In my application i have two textboxes that are used to set the price of an entries for children and adults. Everytime the textboxes are changed, the event "textbox_ValueChanged" fires which executes "priceChanged()" and saves the content of my textboxes to a MySQL Database.
The columns that the prices are saved to are type double.
This whole thing works fine for typing integers into "adultPriceTextbox" (for example), but when trying to write a double or float into the textbox there are the following cases:
1. -> User types "5" then "," and then "5"
In this case the program crashes as soon as the second "5" is typed.
The line that crashes is cmd.ExecuteNonQuery(); which saves the value to the database (view code further below).
The error message looks like this
Data truncated for column 'adults' at row 1"
2. -> User types "5" then "." and then "5"
In this case nothing crashes, but the value being saved to the database does not contain the dot. So "5.5" would turn into "55".

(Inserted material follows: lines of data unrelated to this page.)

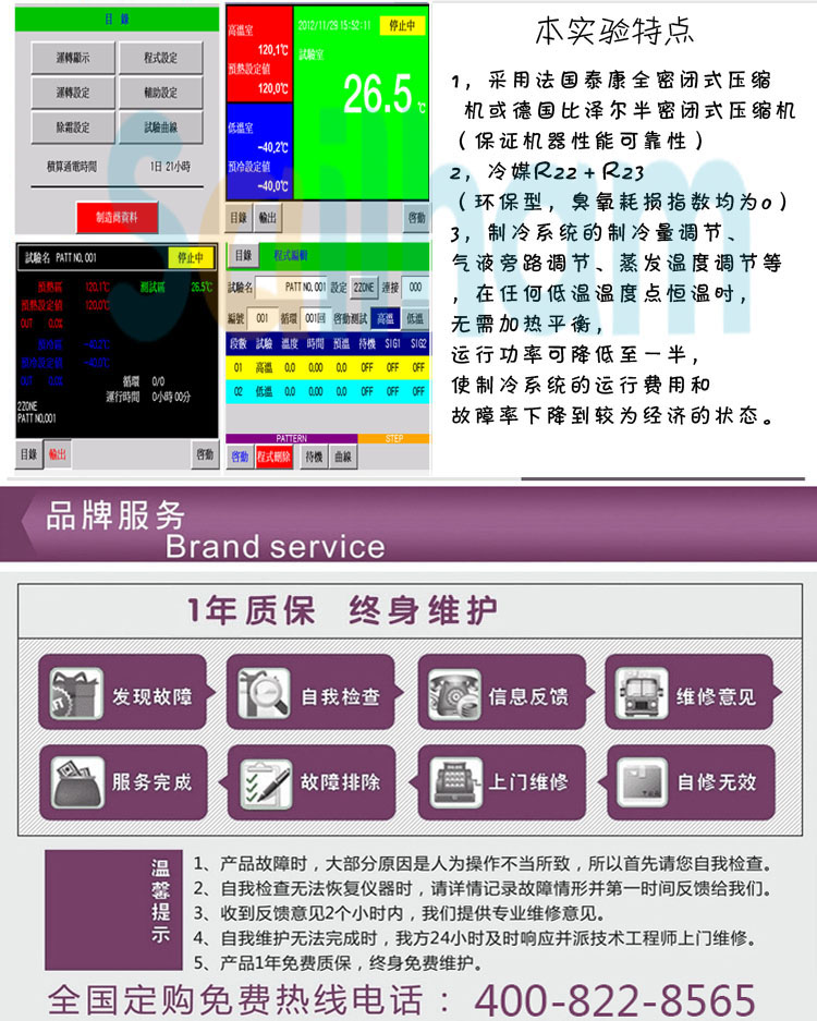 3.采用智能型自動轉換膨脹系統,根據負載自動調整冷媒流量+智能型電熱功率數據值(%)匹配升降溫(負載)自動模擬輸出功率數據輸出值.此設計比傳統設計可省電30%以上。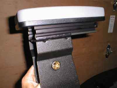 The big issue for the armrest was that it had to be useful for both me (I'm 6' 2" tall and drive with the seat all the way back) and my wife (5' 4" tall, and she drives with the seat almost all the way forward!). The Husco product seemed perfect, because unlike other armrests, it slides forward and backward to accommodate different drivers. The first job was to locate the armrest on the handbrake cover between the seats, and be sure it was in the right position for both drivers. Once I had it in the proper position, I used a Sharpie pen to mark the location of one of the mounting holes on the handbrake cover.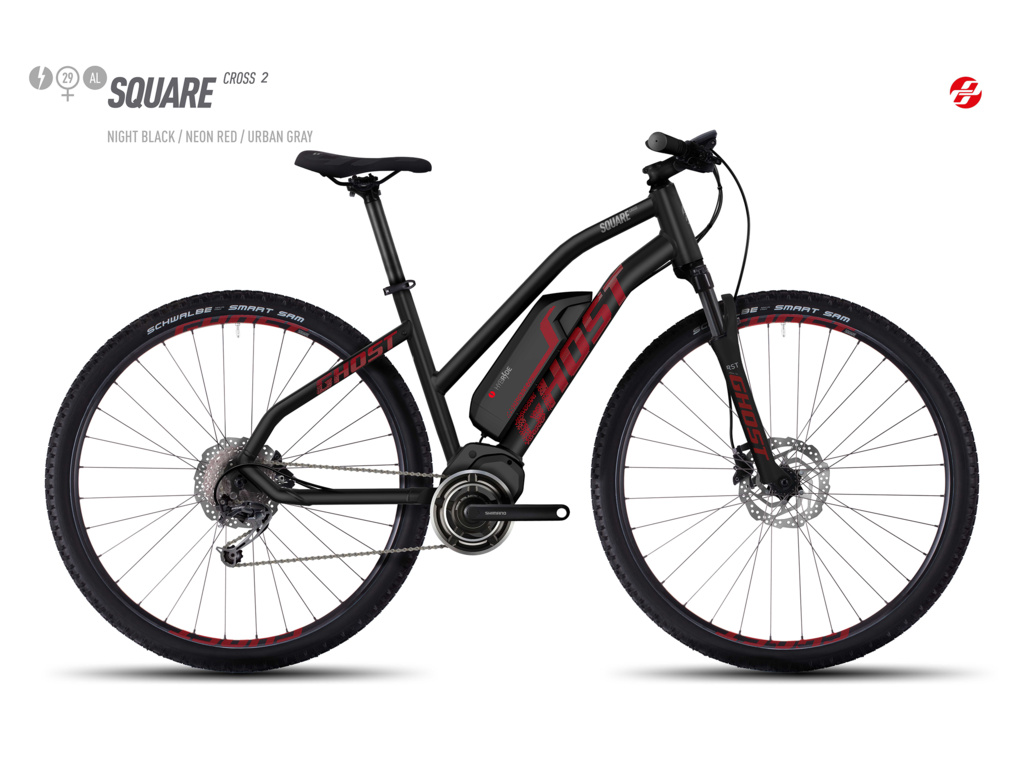 Ghost Hybride Square Cross je nový rad športových elektrobicyklov vybavených spoľahlivými stredovými motormi Shimano Steps. Hybride Square Cross 2 Lady je vybavený vzduchovou vidlicou RST, spoľahlivými komponentmi a dostatočne širokými pohodlnými plášťami Schwalbe.Spoľahlivý stredový motor Shimano Steps poskytuje 250 W a 50 Nm. Počas jazdy si môžete jednoducho vybrať z 3 režimov asistencie pomocou tlačidiel na riadidlách. Všetky údaje o jazde sa zobrazujú na ľahko čitateľnom displeji.Rámová batéria má kapacitu 400 Wh, čo znamená, že dojazd bicykla je zvyčajne 80 až 150 km v závislosti od zvolenej úrovne asistencie.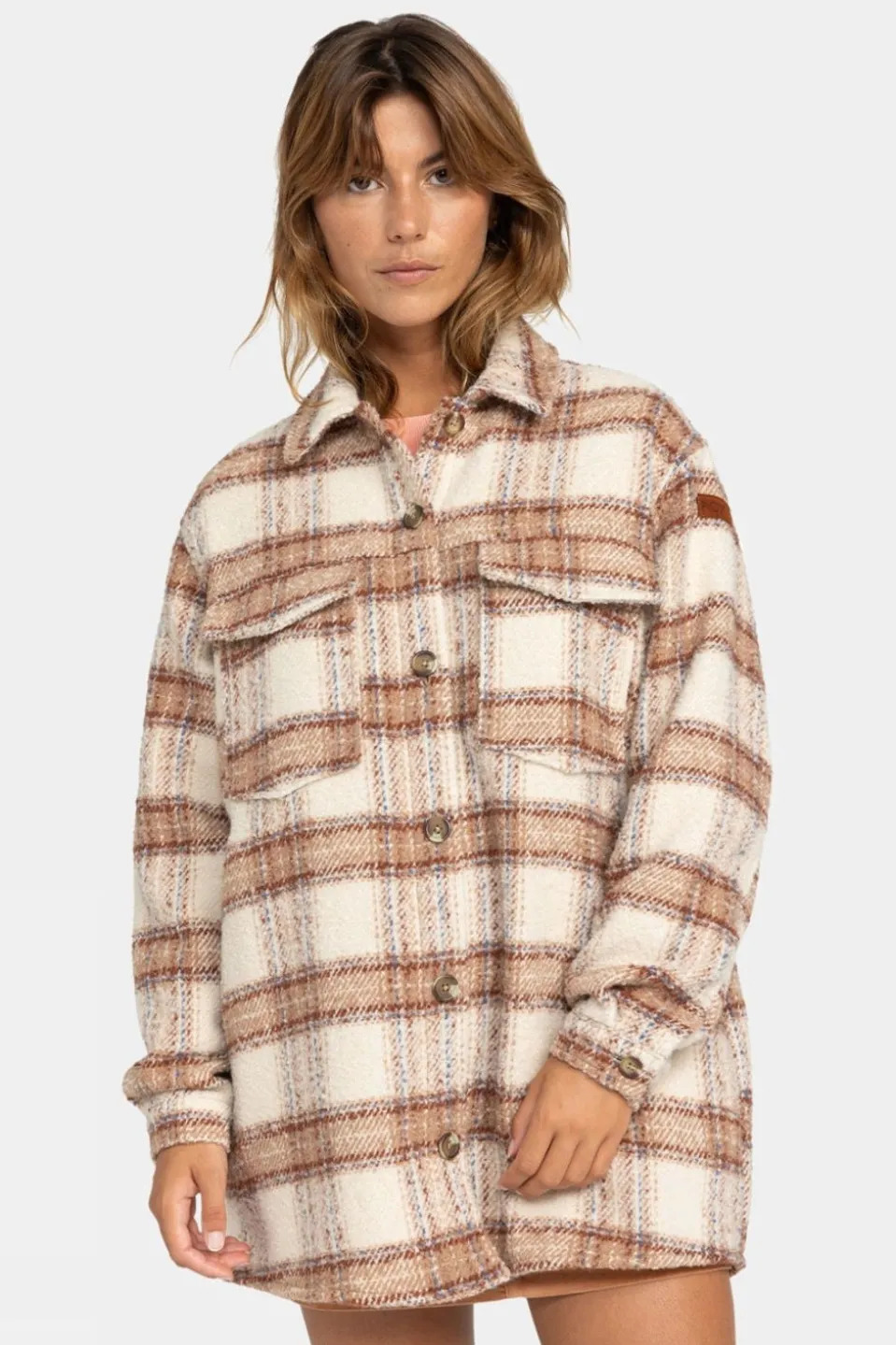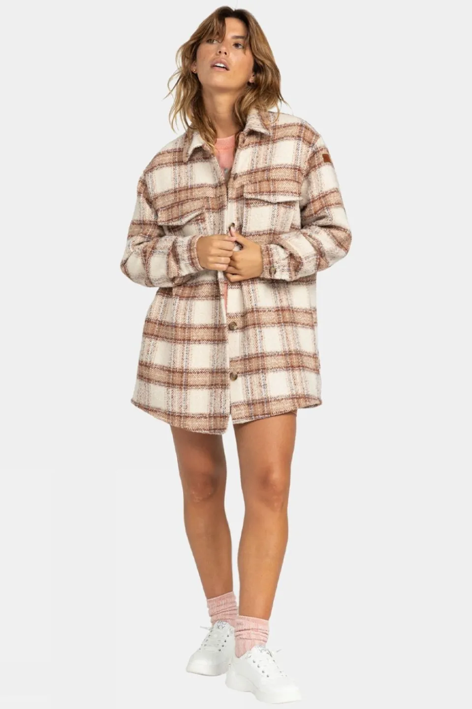The Women’s Check The Swell Shacket by Roxy is a stylish checkered blanket coat crafted from a blend of 95% polyester and 5% wool, featuring a check plaid pattern with a weight of 465g. Designed with a relaxed fit, this shacket offers both comfort and versatility, perfect for everyday wear as well as those chilly winter walks.The shacket featuresboth chest patch pockets and sideseam pockets for practical storage foryourvaluables when out and about. Fastened with recycled buttons on the front placket, pockets, and cuffs, andalso finished with a distinctive Roxy suede patch for added detail.Embrace the season’s beauty with this must-have wardrobe addition.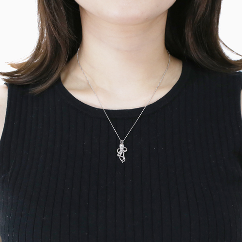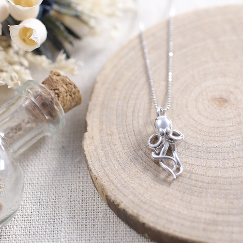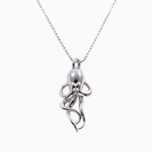 タコをモチーフした珍しいペンダント。古来からヨーロッパでは「悪魔の魚」と呼ばれ忌み嫌われてきました。タコは潜水夫を丸呑みにするなど、グロテスクに描かれる為に、逆に魔除けや守り神としても人気のモチーフです。意外とどんな服装にも合わせやすく、カジュアルはもちろん、オフィススタイルやフォーマルなスタイルに合わせて頂いてもユニークで素敵です。 また、シンプルチェーンやカラーストーンなど、お手持ちの繊細な一つ石ペンダントと重ね付けして頂いても素敵ですよ!印象の違う、華やかなペンダントとしてお使い頂けます。そのままつけても良し!他のペンダントと合わせれば、アレンジ次第でいろんな表情が楽しめる、毎日のお洒落に大活躍すること間違いなしのペンダントです!タコとチェーンをつなぐ、バチカン部分には、「925」の刻印が施されており、シンプルでありながら、見えない部分にも手の込んだ、こだわりを感じます。

This is the code that saves the values to the database. It is inside of a class called "DatabaseInterface":
public static void updatePrice(double _adults, double _children)
{
MySqlConnection cnn = OpenCnn();
MySqlCommand cmd = new MySqlCommand("UPDATE price SET adults = '" + _adults + "', children = '" + _children + "';", cnn);
cmd.ExecuteNonQuery();
}
And this is the code that executes "UpdatePrice":
private void priceChanged()
{
double adultPrice;
double childPrice;
try
{
adultPrice = Convert.ToDouble(adultPriceTextbox.Text);
}
catch
{
adultPrice = 0.0;
}
try
{
childPrice = Convert.ToDouble(childPriceTextbox.Text);
}
catch
{
childPrice = 0.0;
}
DatabaseInterface.updatePrice(adultPrice, childPrice);
}
Note that in this special case, there are two input windows. One that sets the price for children and the other one for adults.

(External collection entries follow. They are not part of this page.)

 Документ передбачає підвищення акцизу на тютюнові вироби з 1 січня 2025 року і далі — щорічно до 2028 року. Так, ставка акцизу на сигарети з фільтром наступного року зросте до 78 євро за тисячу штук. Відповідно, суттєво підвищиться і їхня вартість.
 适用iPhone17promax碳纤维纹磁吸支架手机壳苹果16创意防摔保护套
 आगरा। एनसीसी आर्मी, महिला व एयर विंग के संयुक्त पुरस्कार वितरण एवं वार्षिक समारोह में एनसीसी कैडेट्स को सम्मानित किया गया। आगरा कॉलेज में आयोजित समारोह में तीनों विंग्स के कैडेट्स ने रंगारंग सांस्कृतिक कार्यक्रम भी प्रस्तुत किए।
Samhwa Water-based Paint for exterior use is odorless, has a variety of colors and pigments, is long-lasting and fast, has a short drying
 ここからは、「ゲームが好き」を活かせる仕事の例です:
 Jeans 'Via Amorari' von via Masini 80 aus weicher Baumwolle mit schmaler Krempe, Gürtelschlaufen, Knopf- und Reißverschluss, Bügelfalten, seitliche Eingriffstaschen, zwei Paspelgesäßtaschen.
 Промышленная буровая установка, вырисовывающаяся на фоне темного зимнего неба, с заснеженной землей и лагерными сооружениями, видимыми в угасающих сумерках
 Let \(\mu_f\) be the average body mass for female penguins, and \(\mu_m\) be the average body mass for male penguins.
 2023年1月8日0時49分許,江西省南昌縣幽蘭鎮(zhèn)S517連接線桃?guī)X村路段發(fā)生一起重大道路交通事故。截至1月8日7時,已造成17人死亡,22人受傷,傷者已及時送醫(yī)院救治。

Also my region is Germany, where decimals are written with "," instead of ".".
What would be the most elegant solution to achieve a Textbox where the user can type in integers and floats / doubles?

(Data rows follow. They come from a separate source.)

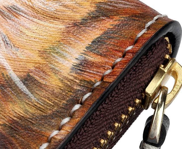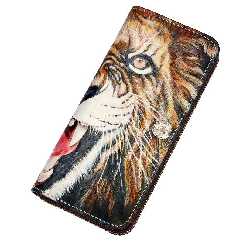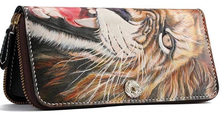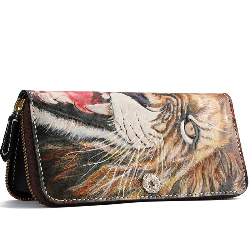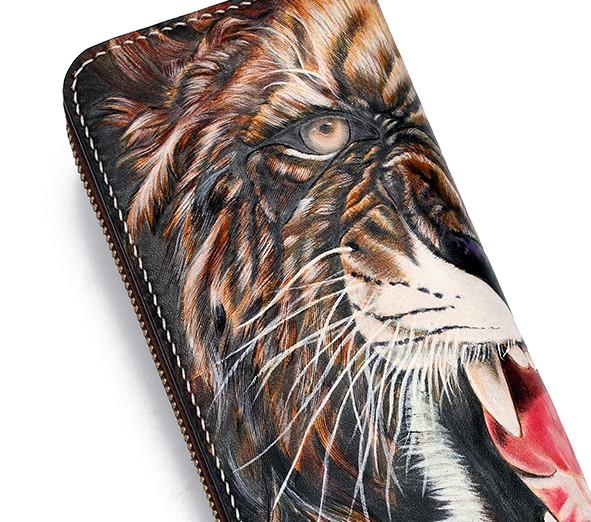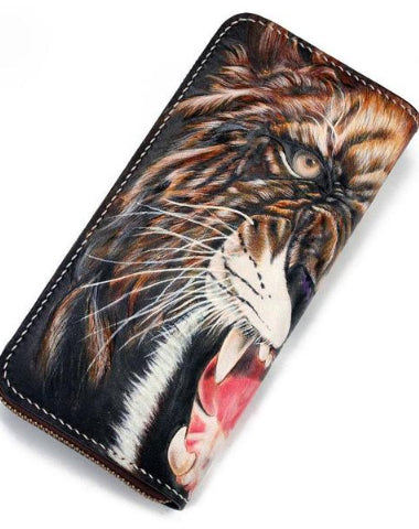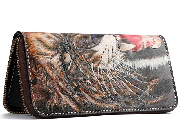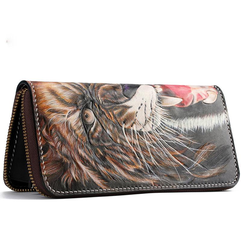 Style: Handmade Leather Tooled Tiger Mens Chain Zipper Biker Wallet Cool Leather Wallet Long Phone Wallets for Men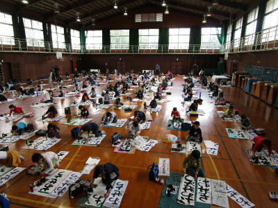 今日は、3年生が体育館で競書会を行いました。4月から毛筆の学習を進めてきましたが、だるま筆を使っての書きぞめは初体験です。短い練習期間の中で、大きな文字がかけるようになりました。今日もお手本をみながら、一生懸命に作品を仕上げました。手が真っ黒になっている子、顔にひげができてしまった子・・・・・・苦戦する子もいましたが、最後は全員で作品をもって記念写真をとることができました。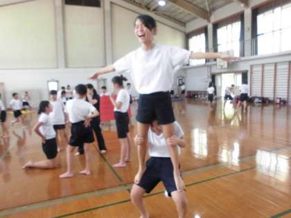 組体操練習もいよいよ大詰め。多くの技の成功率が上がりました。最後まで技の向上に手は抜きません。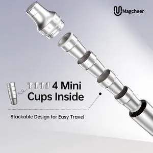 Hybrid Cocktail Shaker Set with Stackable Cups | Vacuum Insulated Stainless Steel Martini Shaker & Bartender Tools | Travel-Ready Kit | 30oz | Silver
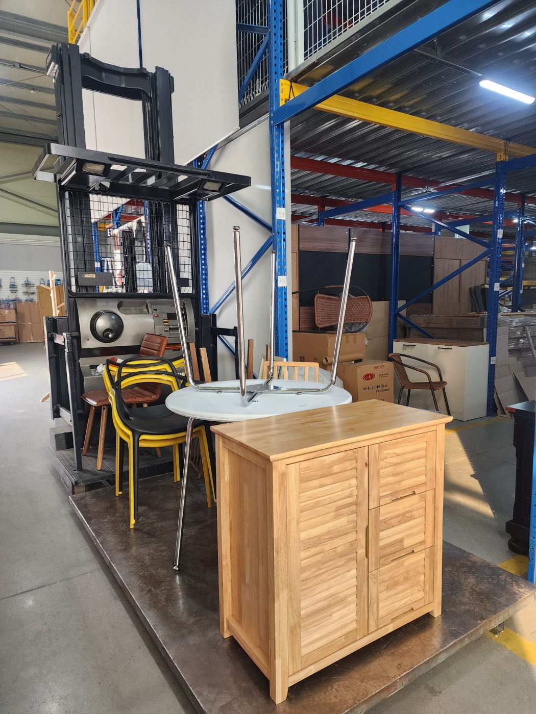 아리아퍼니처는 인터넷으로 구경해도 웬만한 곳보다는 저렴하게 판매하고 있었습니다. 그래도 이곳에 오면 좀 더 할인을 받을 수 있으니 가까운 곳에 사시면 한번 와봐도 좋을 것 같습니다. 구입한 상품들은 저런 식으로 지게차를 이용하여 2층에서 꺼내 1층으로 내려와 실을 수 있습니다.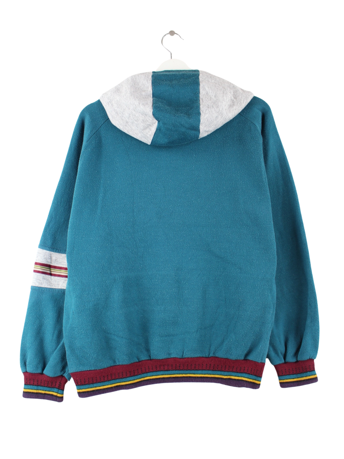 Vintage hoodie with embroidered motifs in size L from the 80's. It is made from a cotton blend and is available in green.

Addition: Ideas for blocking any alphabetical input into said textboxes are welcome as well, only numbers and "." / "," should be allowed.
Instead of binding to a text/string, just have a property on your binding object (MVVM pattern) that is the expected type of decimal, float or int for the respective type. Then, when you bind your text to that public get/set property, it will only store the value IF it qualifies for that data type, thus NOT applying the value to the property with bad values that cant be converted.
Additionally, instead of sending the data on every key stroke, you could change the binding to only submit after focus changes such as
<TextBox Text="{Binding YourIntegerField, UpdateSourceTrigger=LostFocus}"
Width="40" MaxLength="3" />
<TextBox Text="{Binding YourDecimalField, UpdateSourceTrigger=LostFocus}"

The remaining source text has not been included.